*** DATASET EXTRACT ***
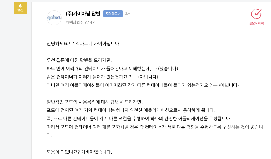 - 이때 여러 개의 컨테이너가 모여 하나의 파드가 된다. (그럼 이 파드가 완전한 어플리케이션이 된다.)
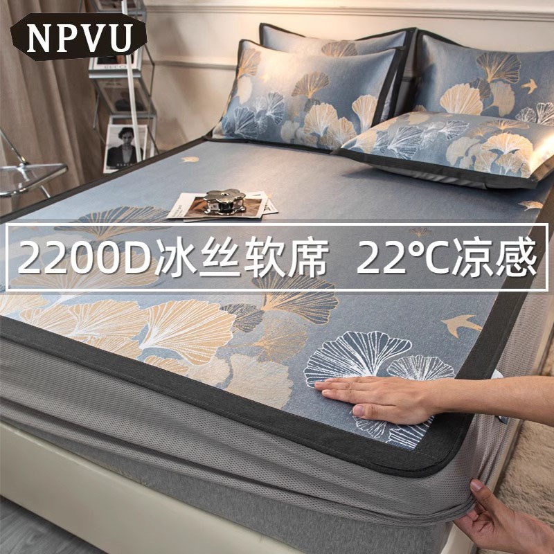 夏季冰丝凉席三件套可水洗床笠款防滑空调席子1.5m1.8x2x2.2米床
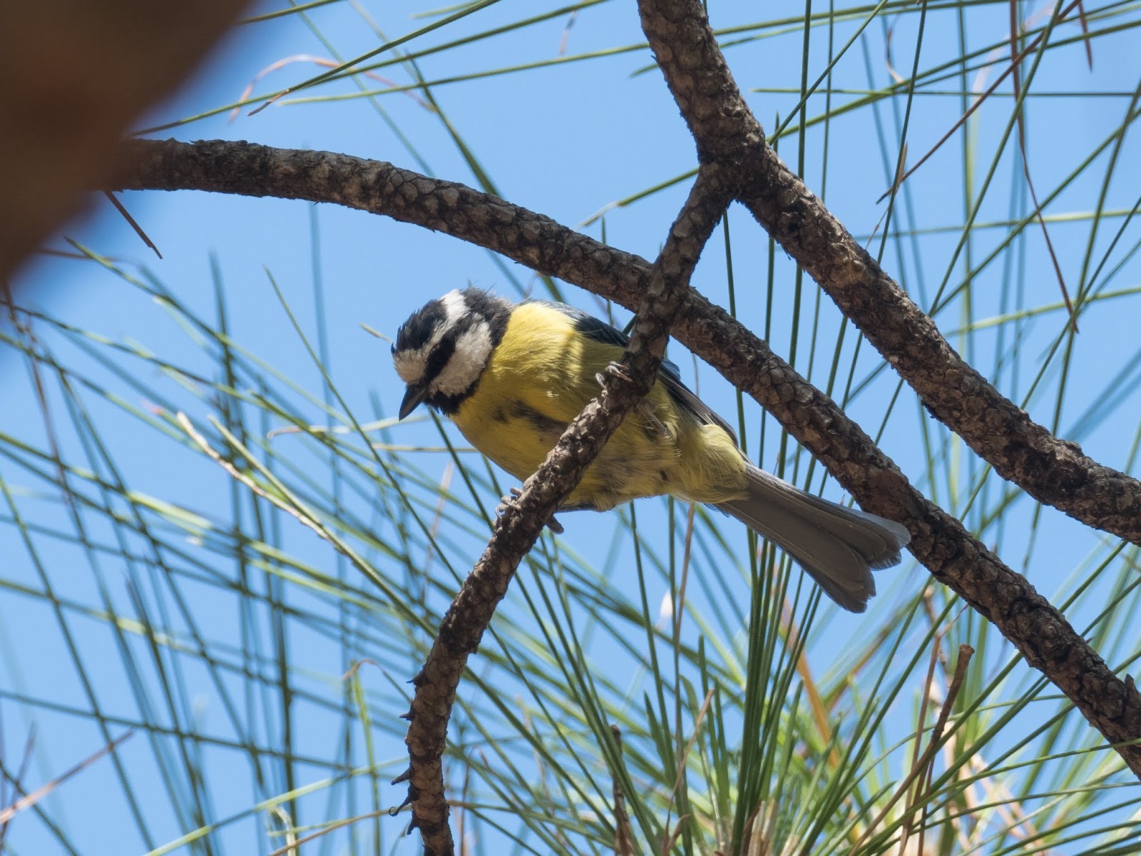 On meeting Daniel and Oscar we jumped into their 4x4 and were soon winding up the hills towards our target bird high in the pine forests near to La Culata.  Much of the pine forests have been replanted after deforestation but it is notable to the eye that some of this is too dense and the pines long and spindly, prone to fire, and lacking the underscrub required by the Gran Canaria Blue Chaffinch. We stopped low down at a Gran Canaria Blue Chaffinch territory with no luck but did see Canary Island Chiffchaff and Great Spotted Woodpecker of the endemic subspecies thanneri. After spending some time at a view point, Mirador del Pico de los Pozos de la Nieve, where Island Canary was common we headed slightly downslope near to the campsite at Llanos de la Pez to try for the Blue Chaffinch. After a short while a  Blue Chaffinch called and there above us was a male Gran Canaria Blue Chaffinch, we watched the bird for some time and eventually the bird came to the ground to feed on the seeds of Canary Island Pine Pinus canariensis where it showed incredibly well and was joined by the distinctive canariensis subspecies of Common Chaffinch and eventually by a second Blue Chaffinch. Here we also saw Canary Island Chiffchaff, Great Spotted Woodpecker and the endemic subspecies hedwigii of African Blue Tit. We wandered back to the car picking up a further two male Gran Canaria Blue Chaffinch.
*** End of DATASET EXTRACT ***
__WHAT YOU SHOULD DO__
Repeat only what lies between the start of the data and the end of the line containing "夏季冰丝凉席三件套可水洗床笠款防滑空调席子1.5m1.8x2x2.2米床", exactly, with pictures left out.

__OUTPUT FOR THIS EXERCISE__
 - 이때 여러 개의 컨테이너가 모여 하나의 파드가 된다. (그럼 이 파드가 완전한 어플리케이션이 된다.)
 夏季冰丝凉席三件套可水洗床笠款防滑空调席子1.5m1.8x2x2.2米床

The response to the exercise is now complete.